Material provided

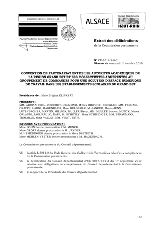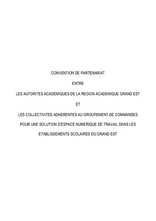 CONVENTION DE PARTENARIAT ENTRE LES AUTORITES ACADEMIQUES DE LA REGION GRAND EST ET LES COLLECTIVITES ADHERENTES AU GROUPEMENT DE COMMANDES POUR UNE SOLUTION D'ESPACE NUMERIQUE DE TRAVAIL DANS LES ETABLISSEMENTS SCOLAIRES DU GRAND EST
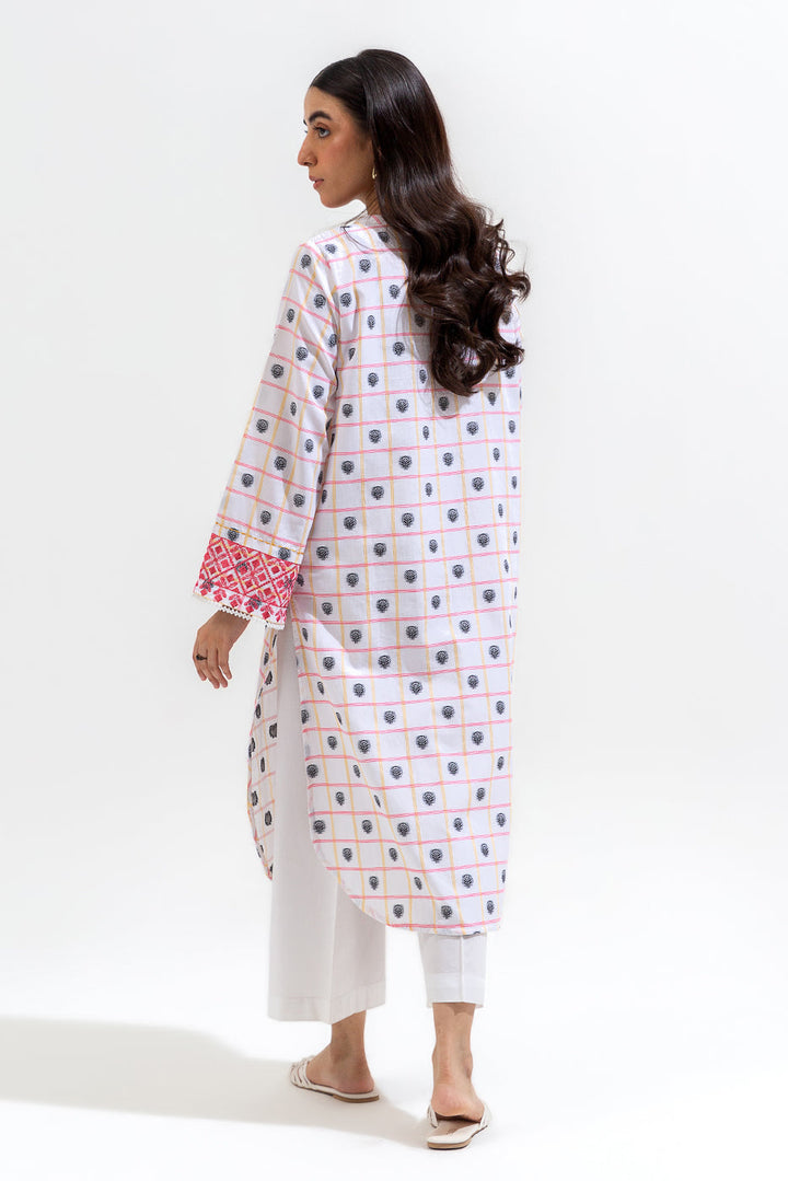 - Description: Band Neckline With Slit With Button Detail.Embroidered Border On Sleeves.Round Hem With Top Stitch Detail.
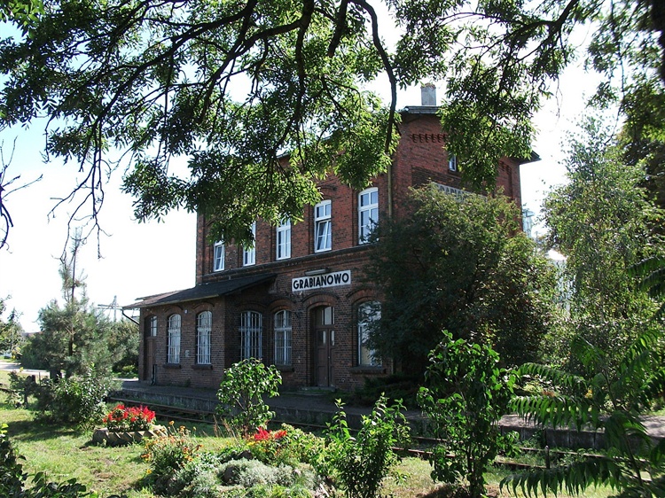 Jeden z przystanków połączenia zbudowano w Grabianowie, które było dogodnym miejscem przywozu i wywozu towarów z okolicznych majątków ziemskich. Dla obsługi ruchu kolejowego wzniesiono budynek stacyjny oraz mieszkalny dla pracowników.
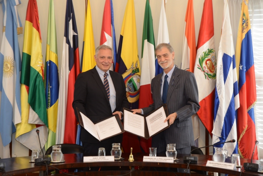Hoy, en la sede de la Asociación Latinoamericana de Integración (ALADI), se firmó la Carta de Acuerdo entre el Fondo Financiero para el Desarrollo de la Cuenca del Plata (FONPLATA) y la Secretaría General de la ALADI.
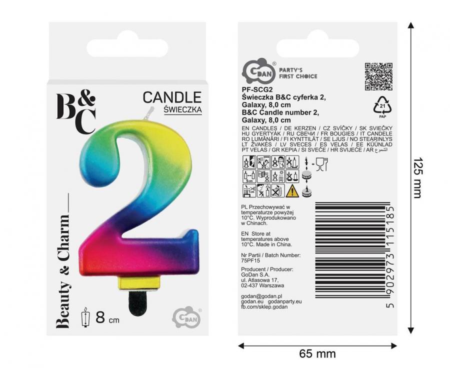 Svíčka dortová číslo 2 GALAXY barevná 8cm - 97519.jpg
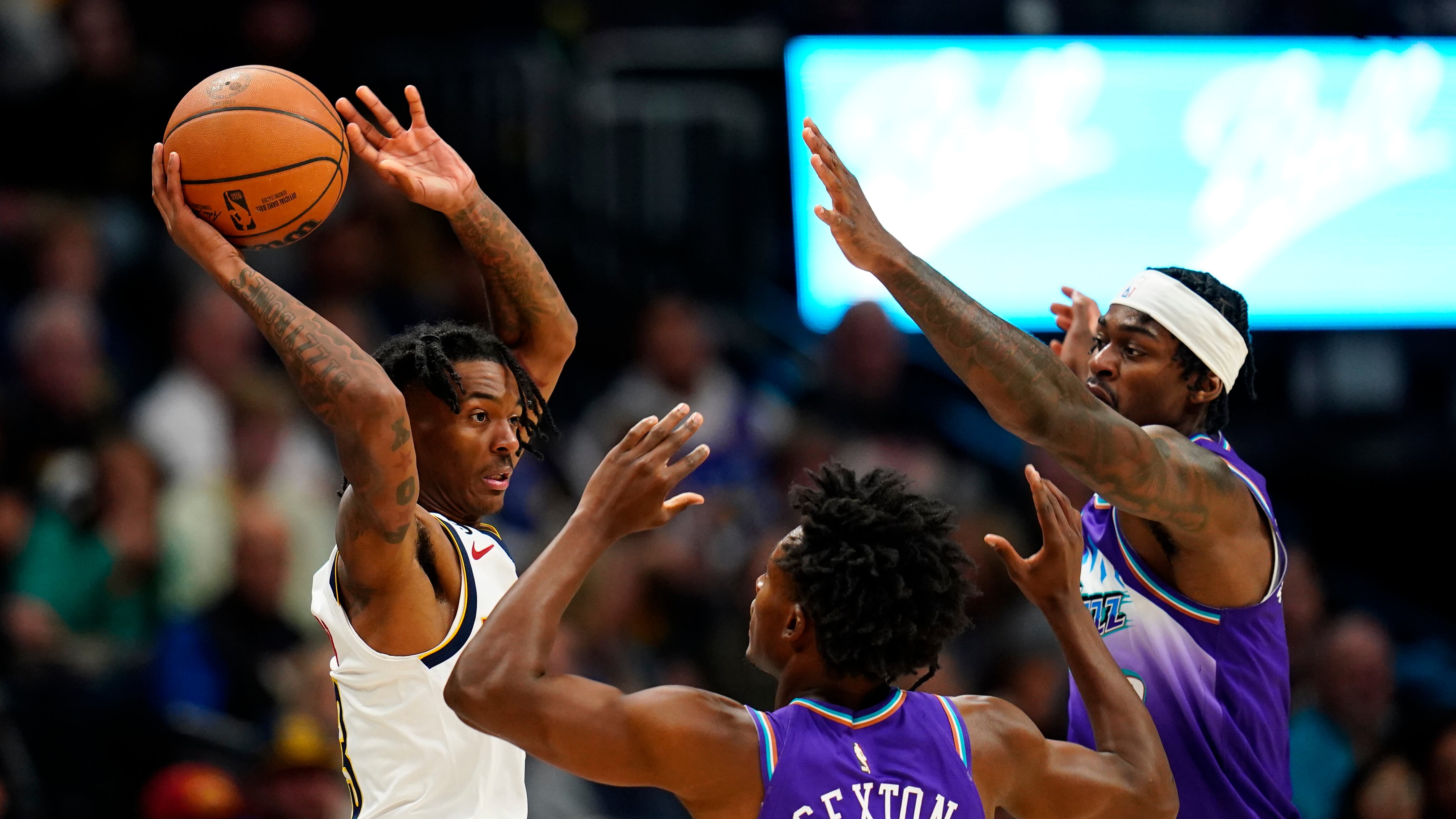 Bones Hyland, izquierda, de los Nuggets de Denver, busca pasar el balón ante la presión de Collin Sexton, centro, y Jarred Vanderbilt, derecha, durante el tercer cuarto del juego de baloncesto de la NBA, el viernes 28 de octubre de 2022, en Denver. (AP AP (Jack Dempsey/AP)
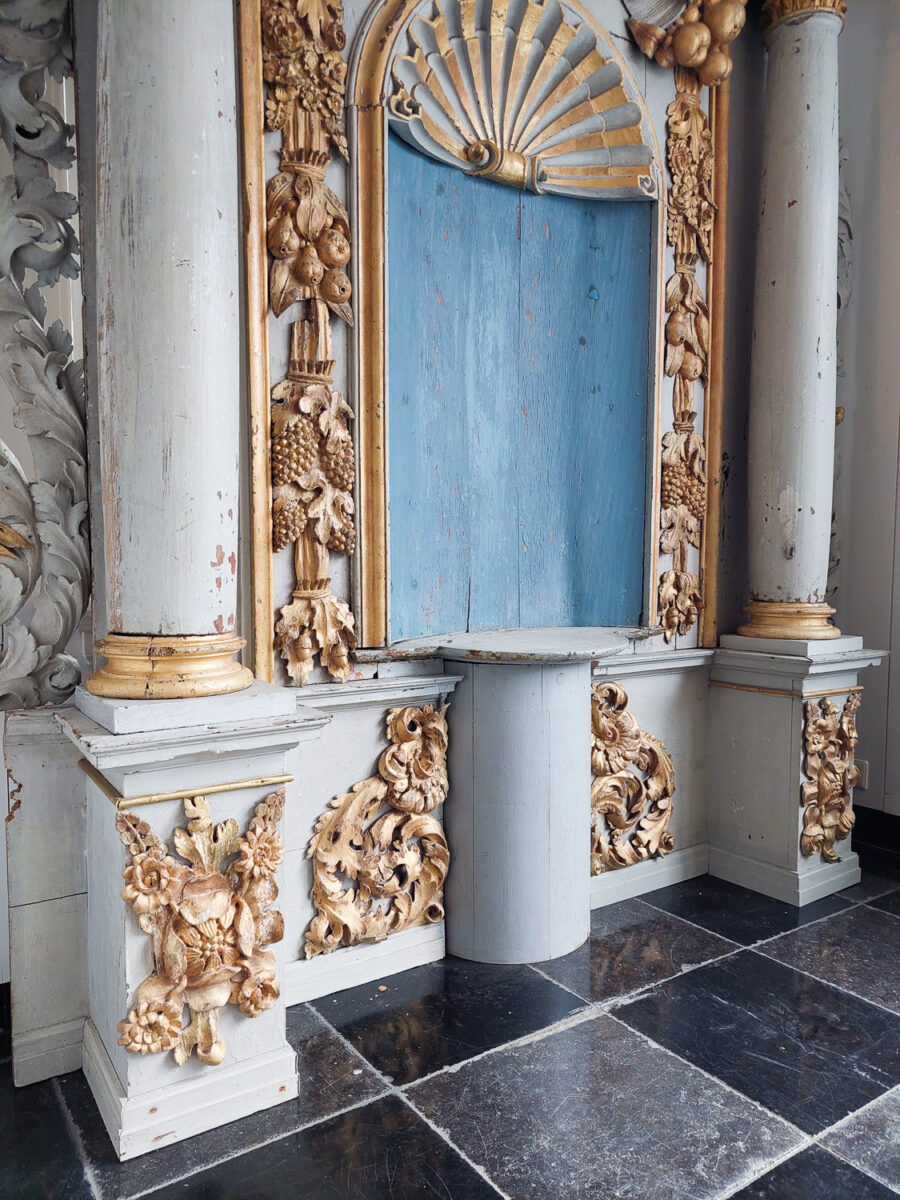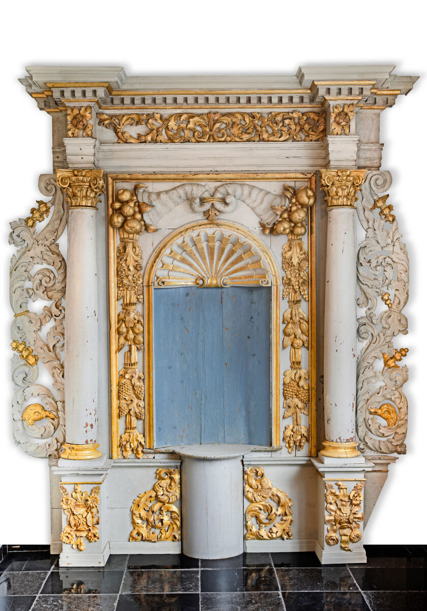 Die Nischen sind jeweils mit einem Paar Säulen mit Kapitellen versehen, die im reichsten Kompositstil (eine Stufe über dem korinthischen Stil) verziert sind. Das Füllhorn, eine markante Jakobsmuschel, Eichenblätter, Weintrauben und ein wunderschöner, großer, nach innen gerichteter Vogelkopf auf jeder Seitenwand sind weitere sichtbare Dekorationen.
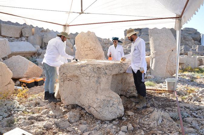 Bakanlıktan yapılan açıklamaya göre; 7-27 Temmuz 2025 tarihleri arasında 3 haftalık yoğun bir çalışmayla doğu ve batı teraslarındaki en kritik eserler üzerinde uygulamalar yapıldı. Adıyaman Müze Müdürlüğü'nden bir uzman ile altı restoratörün katıldığı çalışmalarda, Antiochos ve Kartal başları ile batı terasındaki iki kumtaşı rölyef üzerinde kapsamlı müdahaleler gerçekleştirildi.
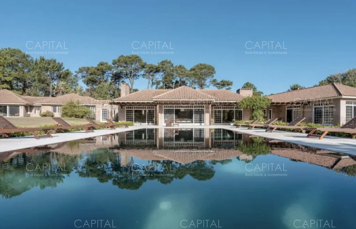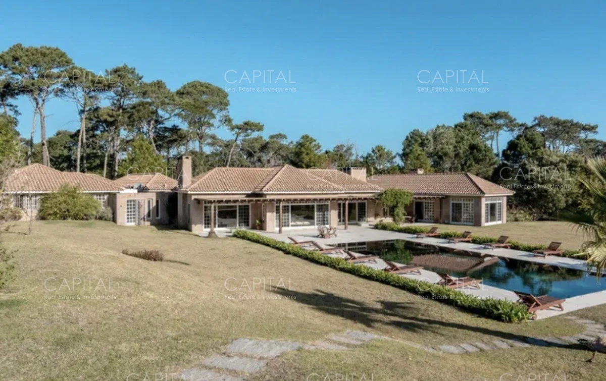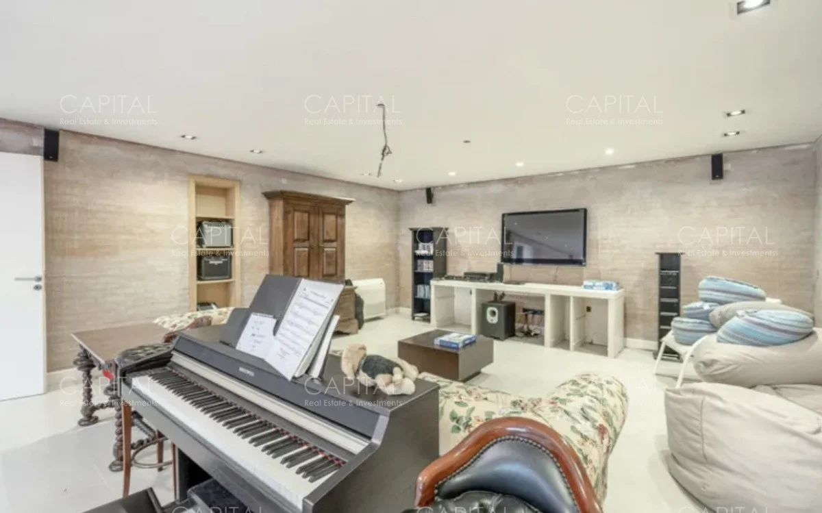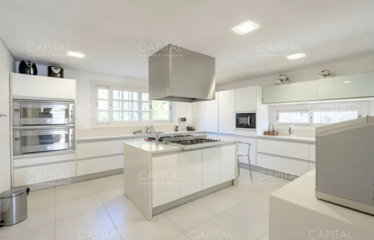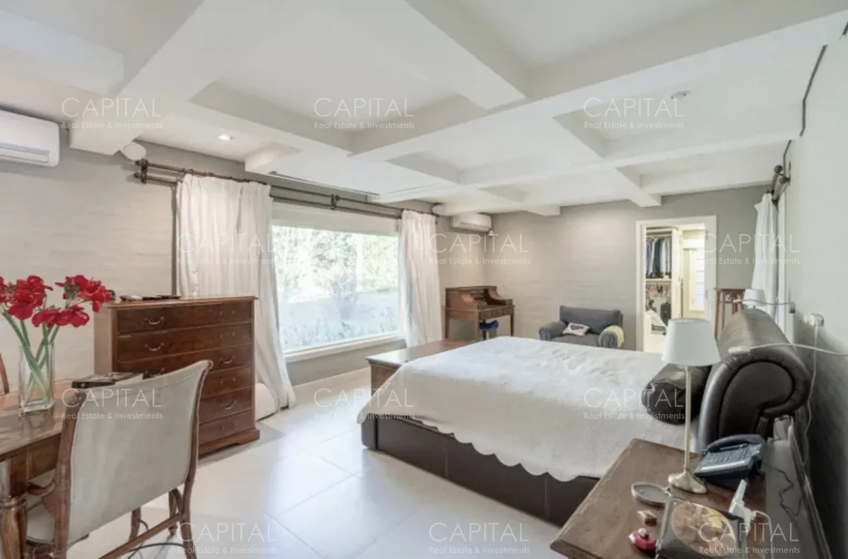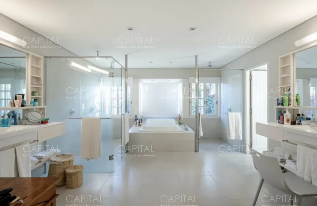 Cuenta con 9 habitaciones en suite (principal suite con amplio vestidor y baño doble con duchas y jacuzzi), 12 baños, oficina, amplia sala, comedor y sala de estar con chimenea, todo con grandes ventanales con vista al parque y piscina. Cocina, amplio quincho, play-room con home cinema, losa radiante a gas, agua caliente central, cancha de tenis, despensa, dependencia de servicio, jardín interior y amplia galería. Lavadero y garaje para 3 coches. Piscina climatizada exterior con deck.

Exercise description
Copy the records above from the first line through the line containing "Jeden z przystanków", both included, and leave out any pictures.

Response to the exercise
 CONVENTION DE PARTENARIAT ENTRE LES AUTORITES ACADEMIQUES DE LA REGION GRAND EST ET LES COLLECTIVITES ADHERENTES AU GROUPEMENT DE COMMANDES POUR UNE SOLUTION D'ESPACE NUMERIQUE DE TRAVAIL DANS LES ETABLISSEMENTS SCOLAIRES DU GRAND EST
 - Description: Band Neckline With Slit With Button Detail.Embroidered Border On Sleeves.Round Hem With Top Stitch Detail.
 Jeden z przystanków połączenia zbudowano w Grabianowie, które było dogodnym miejscem przywozu i wywozu towarów z okolicznych majątków ziemskich. Dla obsługi ruchu kolejowego wzniesiono budynek stacyjny oraz mieszkalny dla pracowników.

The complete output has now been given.